Created By : Jatin Gogia
Reviewed By : Rajasekhar Valipishetty
Last Updated : Apr 06, 2023
HCF Calculator using the Euclid Division Algorithm helps you to find the Highest common factor (HCF) easily for 2480, 4152 i.e. 8 the largest integer that leaves a remainder zero for all numbers.
HCF of 2480, 4152 is 8 the largest number which exactly divides all the numbers i.e. where the remainder is zero. Let us get into the working of this example.
Consider we have numbers 2480, 4152 and we need to find the HCF of these numbers. To do so, we need to choose the largest integer first and then as per Euclid's Division Lemma a = bq + r where 0 ≤ r ≤ b
Highest common factor (HCF) of 2480, 4152 is 8.
HCF(2480, 4152) = 8
Highest common factor or Highest common divisor (hcd) can be calculated by Euclid's algotithm.
Highest common factor (HCF) of 2480, 4152 is 8.

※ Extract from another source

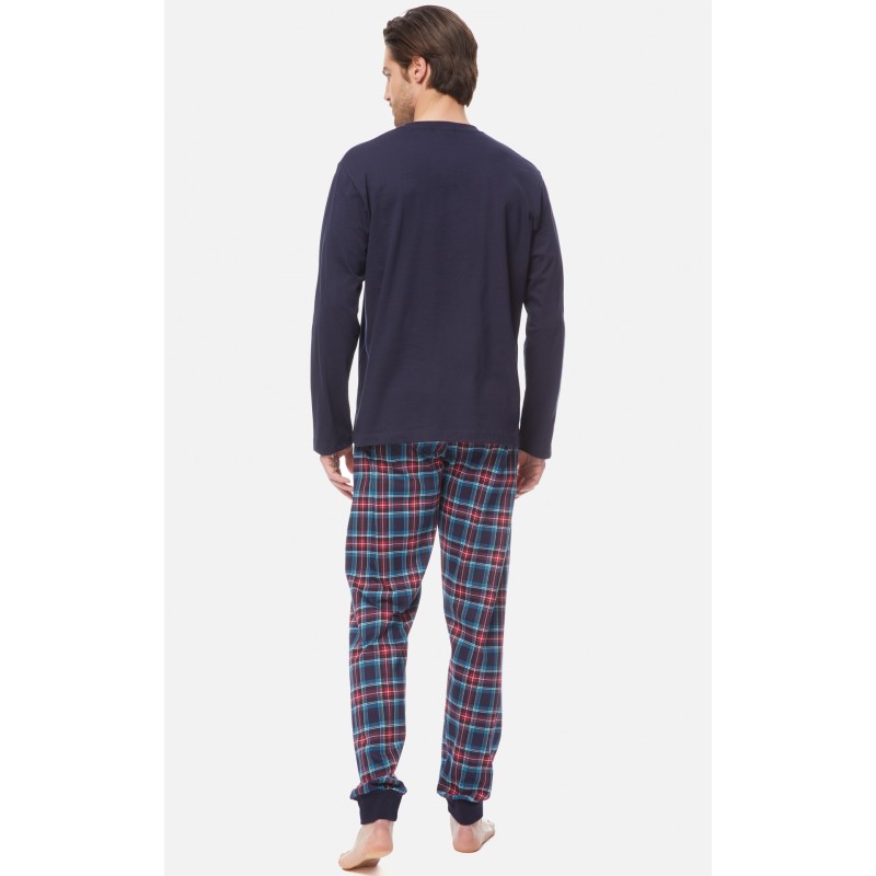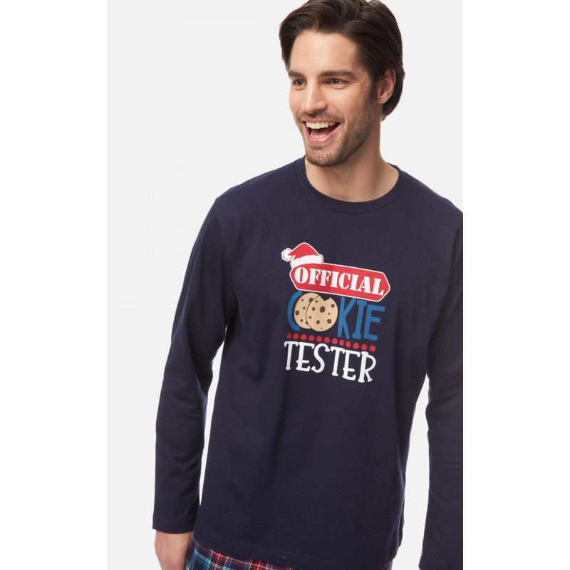 Αντρική χριστουγεννιάτικη Πυζάμα από 100% βαμβακερό ύφασμα υψηλής ποιότητας. Το σετ περιλαμβάνει μονόχρωμη μακρυμάνικη μπλούζα με στρογγυλή λαιμόκοψη και χριστουγεννιάτικο τύπωμα στο κέντρο. Συνδυάζεται με μακρύ καρό παντελόνι με μπάσκες. Δημιουργήστε το απόλυτο χριστουγεννιάτικο family matching outfit επιλέγοντας τις αντίστοιχες γυναικείες και παιδικές πιτζάμες.

Step 1: Since 4152 > 2480, we apply the division lemma to 4152 and 2480, to get
4152 = 2480 x 1 + 1672
Step 2: Since the reminder 2480 ≠ 0, we apply division lemma to 1672 and 2480, to get
2480 = 1672 x 1 + 808
Step 3: We consider the new divisor 1672 and the new remainder 808, and apply the division lemma to get
1672 = 808 x 2 + 56
We consider the new divisor 808 and the new remainder 56,and apply the division lemma to get
808 = 56 x 14 + 24
We consider the new divisor 56 and the new remainder 24,and apply the division lemma to get
56 = 24 x 2 + 8
We consider the new divisor 24 and the new remainder 8,and apply the division lemma to get
24 = 8 x 3 + 0
The remainder has now become zero, so our procedure stops. Since the divisor at this stage is 8, the HCF of 2480 and 4152 is 8
Notice that 8 = HCF(24,8) = HCF(56,24) = HCF(808,56) = HCF(1672,808) = HCF(2480,1672) = HCF(4152,2480) .
Here are some samples of HCF using Euclid's Algorithm calculations.
1. What is the Euclid division algorithm?
Answer: Euclid's Division Algorithm is a technique to compute the Highest Common Factor (HCF) of given positive integers.
2. what is the HCF of 2480, 4152?
Answer: HCF of 2480, 4152 is 8 the largest number that divides all the numbers leaving a remainder zero.
3. How to find HCF of 2480, 4152 using Euclid's Algorithm?
Answer: For arbitrary numbers 2480, 4152 apply Euclid’s Division Lemma in succession until you obtain a remainder zero. HCF is the remainder in the last but one step.